Thirteen photos and still I didn't capture what I wanted to
By Judy Evans
@JudyEv (382693)
Rockingham, Australia
June 28, 2018 5:20pm CST
I took thirteen photos trying to capture this exhibit at the Tasmanian Museum of Old and New Art and this is the best of them – which doesn’t say much for the rest. A sheet of water droplets would fall at intervals from the bar at the top. As they fell the droplets formed a word which disappeared as the water neared the bottom.

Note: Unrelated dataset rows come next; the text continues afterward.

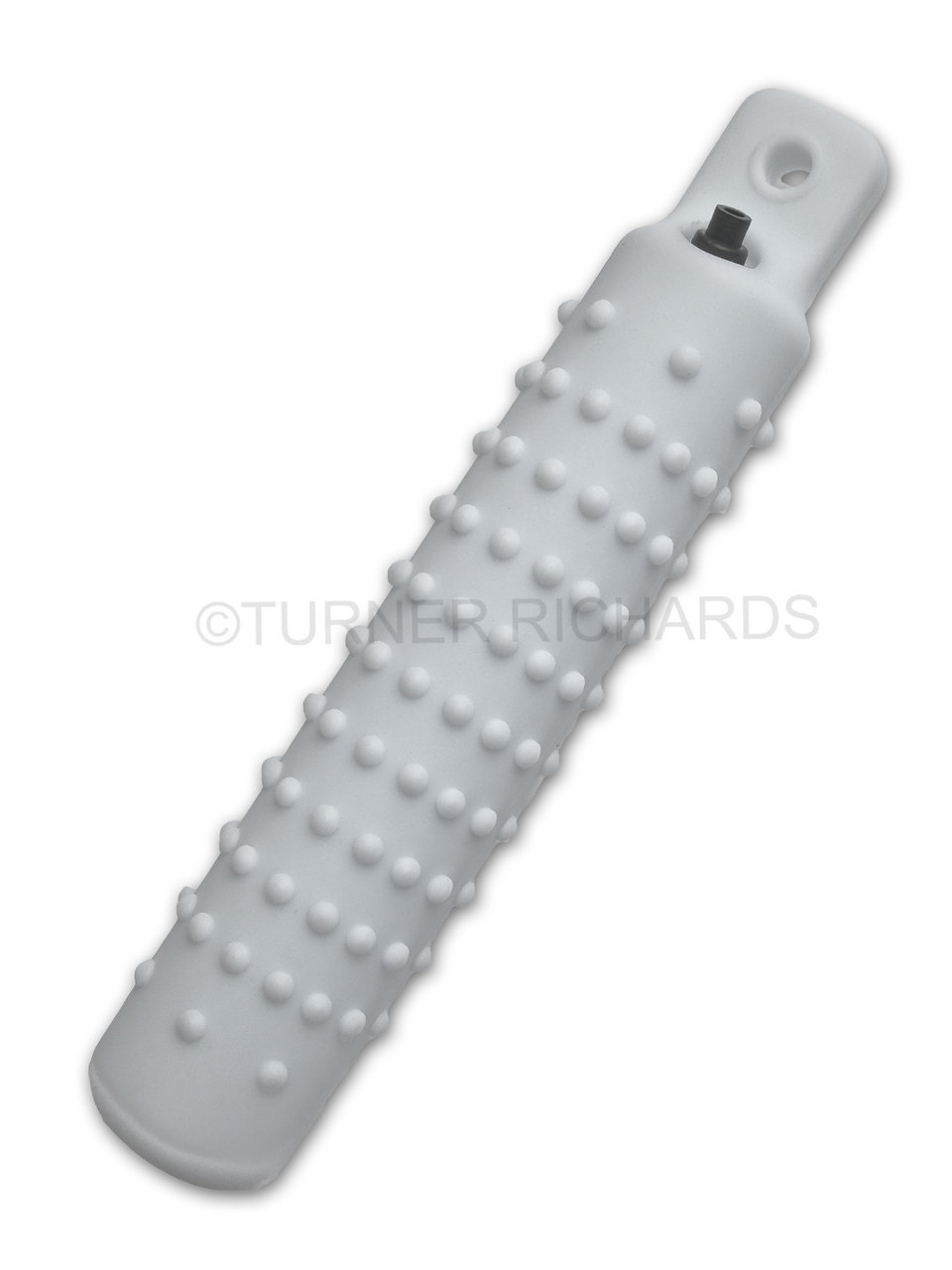 Het oppervlak met zijn vele nopjes is goed vast te pakken maar voorkomt te hard bijten.
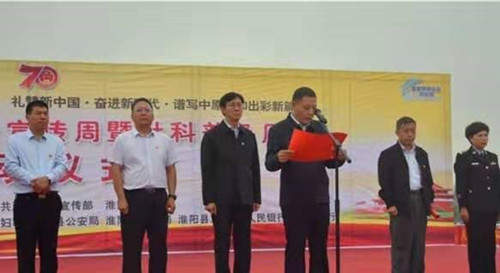 9月16日上午,2019年淮阳县网络安全宣传暨社科普及周启动仪式在羲皇文化广场举行。启动仪式上,县委书记马明超宣布2019年淮阳县网络安全宣传暨社科普及周启动。县委常委、宣传部长谢留定,县人大常委会副主任张凌君,县政协副主席李守运,县总工会主席丁永华,县公安局长李凤丽等出席活动。
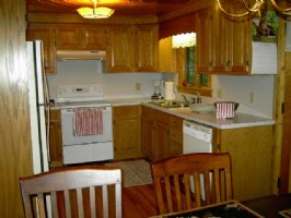 Features: Ground Floor: Enter the great room from the front porch. Massive log beamed ceiling, wood walls, floors and ceilings. Dining area and equipped kitchen have a door to the rear screened porch.
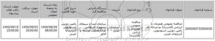 | 2000093733000030 | مناقصه عمومی همزمان با ارزیابی (فشرده) دو مرحله ای تامین دوربین استودیویی آذربایجان غربی | مناقصه عمومی همزمان با ارزیابی (فشرده) | آذربایجان غربی | سازمان صدا و سیمای جمهوری اسلامی ایران(معاونت توسعه و فناور | تامین دوربین استودیویی آذربایجان غربی | 1400/08/29 08:00:00 | 1400/09/03 16:00:00 | 1400/09/15 15:00:00 |
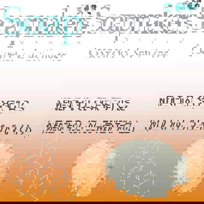 You can add Menthol Crystals to Soap but be sure the product has completely melted and dissolved in the Oil base before adding. They will dissolve in the liquid Coconut Oil or in the Essential Oils before you add to the Soap mix. You only need to use a little as the odour is quite strong and minty. Menthol Crystals can be used in Balms, Cooling Gels, and Footcare products. The 'cooling effect' of Menthol in Shaving products especially Gels and Balms.
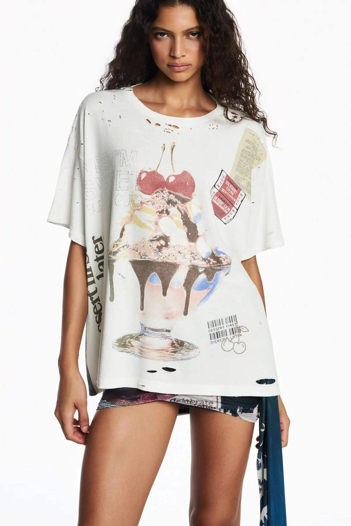 Camiseta em algodão com modelagem ampla e estampa localizada na frente e atrás da peça. Possui aplicação de pedrarias, hotfixes e efeito destroyed por toda a peça, decote redondo e manga curta. Não possui fechamento. Produto com adesivos exclusivos personalizados em quantidade limitada.
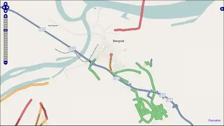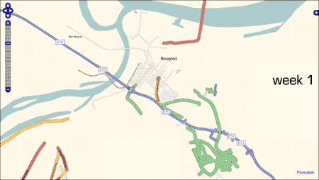 First week status from permalink http://www.openstreetmap.org/?lat=44.7977&lon=20.4669&zoom=13&layers=B0FT:
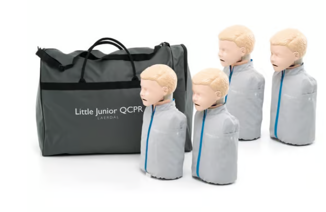 Set of four Little Junior QCPR Light manikins in a convenient soft carry case. Little Junior QCPR is designed to represent a four-year-old child. Manikins are Bluetooth enabled for QCPR app compatibility and include a port to connect a SkillGuide device.
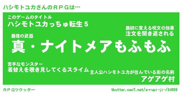 | 男性向けラノベタイトル風あだ名 | 『ハシモトユカアートオンライン』 |
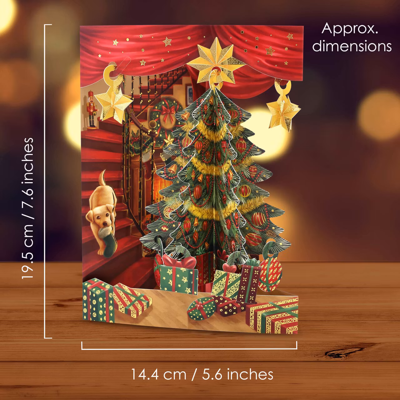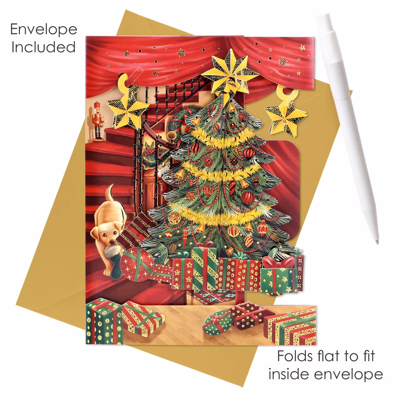 Ett riktigt fint, utvikbart kort med flera rörliga delar. Kortet är målat vackra färger som skapar en härlig känsla. Det här kortet levereras platt och mottagaren viker sedan lätt upp det. Du skriver din hälsning till mottagaren på baksidan av kortet. Det här är mer som en kombination av kort och present än enbart ett kort. Mottagaren kommer vilja ha kortet framme länge, länge för att hinna titta på det ordentligt.
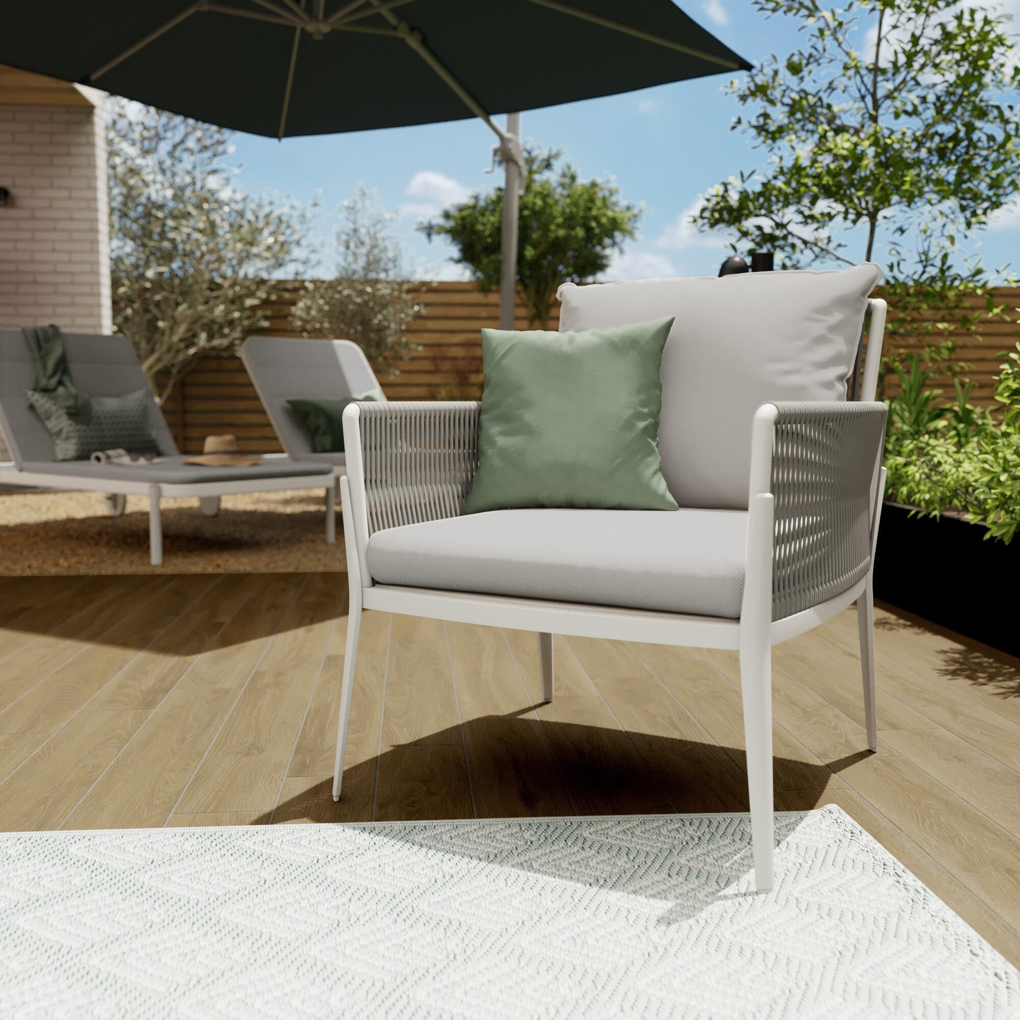 מערכת ישיבה מעוצבת לגינה מבית נטריאל ריהוט גן דגם HYDRA. כוללת: ספה דו מושבית + 2 כורסאות יחיד + שולחן תואם.
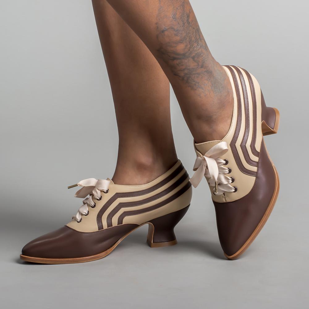 These attractive lace-up shoes have all the style and sass of footwear from c. 1900 through the 1920s and will keep you on your feet and comfortable all day, whether you're attending historical costuming events or walking the streets of New York City. Bernadettes feature our sturdy 2 inch / 5 cm French heel, welted hard-wearing leather soles, pointed toes, and an adjustable lace-up closure, plus all that style with eye-catching contrast stripes on all-leather uppers. Delicious!
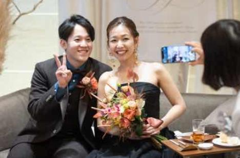 ドレス当てクイズのペンライトが灯る中、装い新たにおふたりが再入場。アイドルの明るくポップなラブソングをご新郎様が熱唱しながら練り歩き、会場は大盛り上がり! そして注目のドレスカラーはエッジの効いたブラック!ご新婦様のお好きなアイドルの推しカラーでもあり、『あなた以外には染まりません』という結婚式にもふさわしいモードなスタイルでゲストを魅了し惹きつけます。
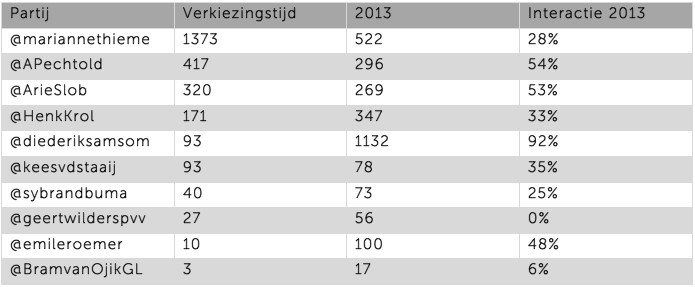 Deze analyse is uitgevoerd samen met Martijn Kriens, aan de hand van data vanuit Coosto. Er is gekeken naar de huidige Tweede Kamer-leden. Er is alleen gekeken naar Twitter, veruit het meest gebruikte sociale medium van de huidige Tweede Kamer-leden. Van de 150 Kamerleden hebben 137 een Twitteraccount (7 PVV’ers, 3 SP’ers, 2 VVD’ers en 1 PvdA’er hebben geen Twitteraccount). Van deze 137 hebben acht Kamerleden tijdens verkiezingstijd niet getwitterd. In dit onderzoek is de data tijdens de verkiezingen (12 augustus 2012 – 12 september 2012) vergeleken met de afgelopen twee maanden (begin januari 2013 – nu).
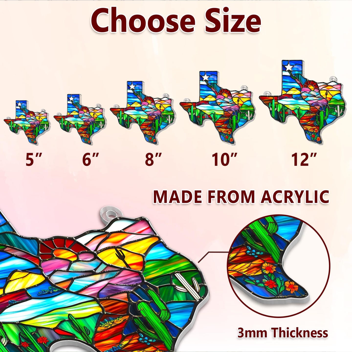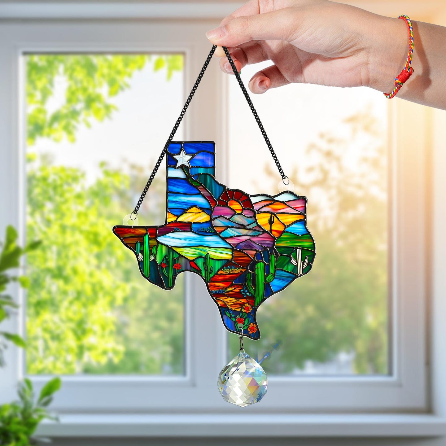 Bring the spirit of Texas into your home with this beautifully crafted stained glass-style sun catcher, shaped like the Lone Star State itself. With a rich mosaic of vivid colors, iconic desert landscapes, blooming wildflowers, and a radiant sunset, this piece captures the essence of Texas charm and natural beauty in every detail.

The water fell at about 3 second intervals. There were a variety of words that appeared, none of which seemed to have any relevance to those coming before or after. I can’t remember what this word was but you can see that the water has formed letters. It was incredibly hard to capture the exact moment when the word was visible. Hence the 13 photos for one lousy image. Oh well, that’s life.
9 people like this
10 responses
@rebelann (117284)
• El Paso, Texas
28 Jun 18
That's pretty good all things considered. When I am looking to get shots of Ally while she's playing I have to set my camera on the feature for action shots, it's the one that lets me take repeated shots at a fast speed. Does your camera have such a setting?
2 people like this



@wolfgirl569 (136091)
• Marion, Ohio
28 Jun 18
If you go again maybe try to video it. Then you could cut the stills out as pictures. But I can make out letters in that one. Just not enough to know what it says
1 person likes this


@JudyEv (382693)
• Rockingham, Australia
29 Jun 18
It's very different to most museums I've been in.
@JohnRoberts (109841)
• Los Angeles, California
29 Jun 18
You can't capture them all.
1 person likes this
@JudyEv (382693)
• Rockingham, Australia
29 Jun 18
It was quite fascinating to watch the words appearing, particularly when they had no connection to each other.